Title: “Take care of yourself Stan!”
He heads off and Stan drunkenly collapses onto a chair, flings his hat in a corner, and can’t resist the bottle of beer, untouched on the table. He pours himself a drink and glances at the clock. It’s nearly ten to midnight on Christmas Eve. He gulps down more drink. The door to the cottage comes open and rattles in the wind. Suddenly scared, Stan forces it shut. A glass smashes on the floor behind him and makes him jump. He sits back down, realising how drunk he is, and picks up the bottle of ale accusingly. Over in the corner, the tartan blanket suddenly begins to move and rise, in ghostly style. Stan is afraid. He grabs an axe. Shadows on the wall show a struggle between Stan and another figure. It now appears to be Joe in his shirt sleeves who opens the door to the cottage and wanders outside.

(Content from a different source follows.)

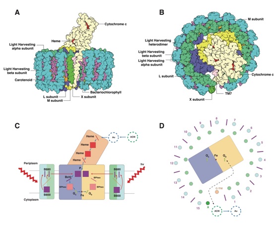 图注:RC-LH的三维结构以及复合体中可能的能量和电子传递示意图。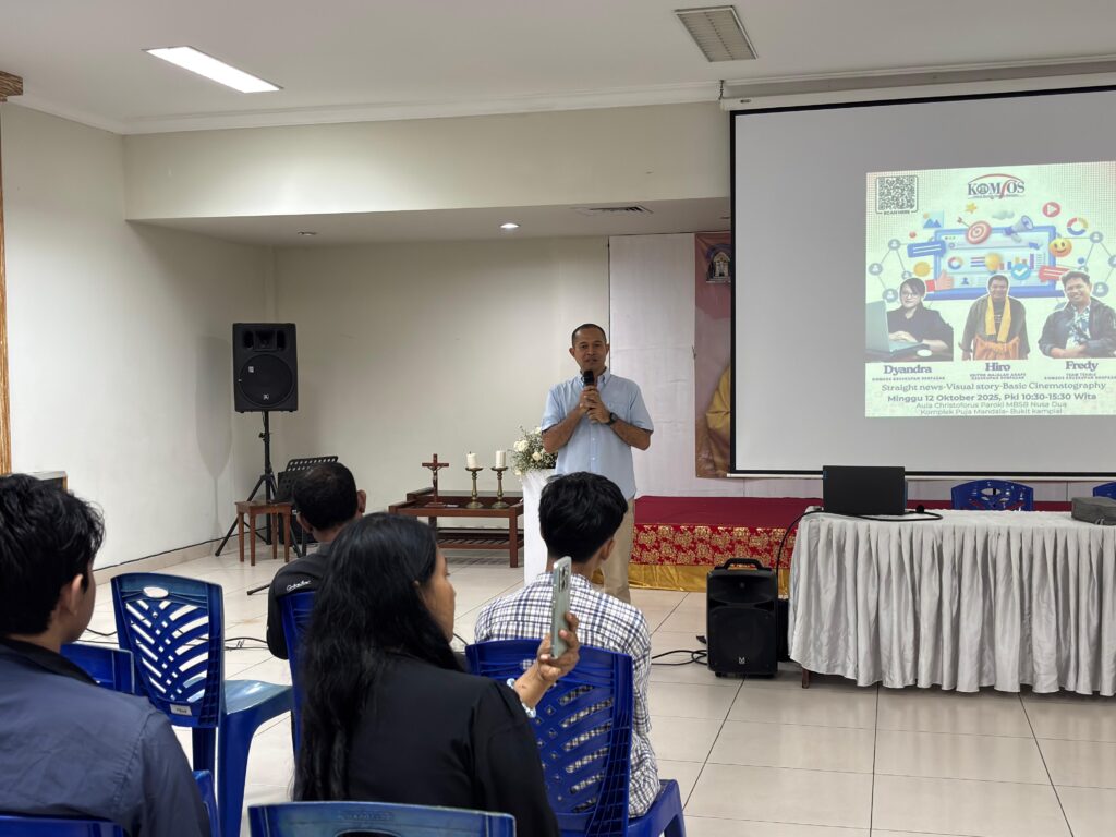 Sesi kedua diisi oleh Fredy, yang memperkenalkan peserta pada prinsip dasar sinematografi — mencakup aspek teknis dan artistik dalam pengambilan gambar untuk menghasilkan visual yang mendukung pewartaan.

Shortly, Jack returns with Joe’s mother, a formidable-looking woman in a fox fur carrying an umbrella. Jack takes her to the prone figure beneath the blanket. She lifts the blanket away and her other son Stan is now asleep under the blanket. The cottage door opens and surprises them. Joe walks in.
Title: “Now what’s going on”
His outraged mother beats him down onto the floor with her umbrella.
Title: “He’s not dead he’s drunk”
Joe cowers on the floor and tries to make excuses to the angry mother.
Title: “I’ll give it him if he is!”
She stomps back over to the cot bed and checks Stan’s breathing closely. She spies a jug of water and flings it over the unconscious Stan, who wakes, confused, and is dragged from the bed and out of the cottage by his mother.
Flashback over, we return to the storyteller of the present, recounting his tale at the bar.
Title: “That was a lesson to me”
The bar maid tells them to drink up and the two men start to leave.
Title: The End
Context
A cautionary tale adds some chill to a drunk’s festive Christmas Eve.
This ‘story’ film is part of an eclectic and unique collection, which dates back to those pioneering early decades of amateur cinematography. In 1927 James Cameron gathered together a group of men and women (four of each) interested in making moving pictures. They formed the Newcastle branch of the Amateur Cinematographers Association, one of only five in Britain at the time. Against all the odds, the club still exists today.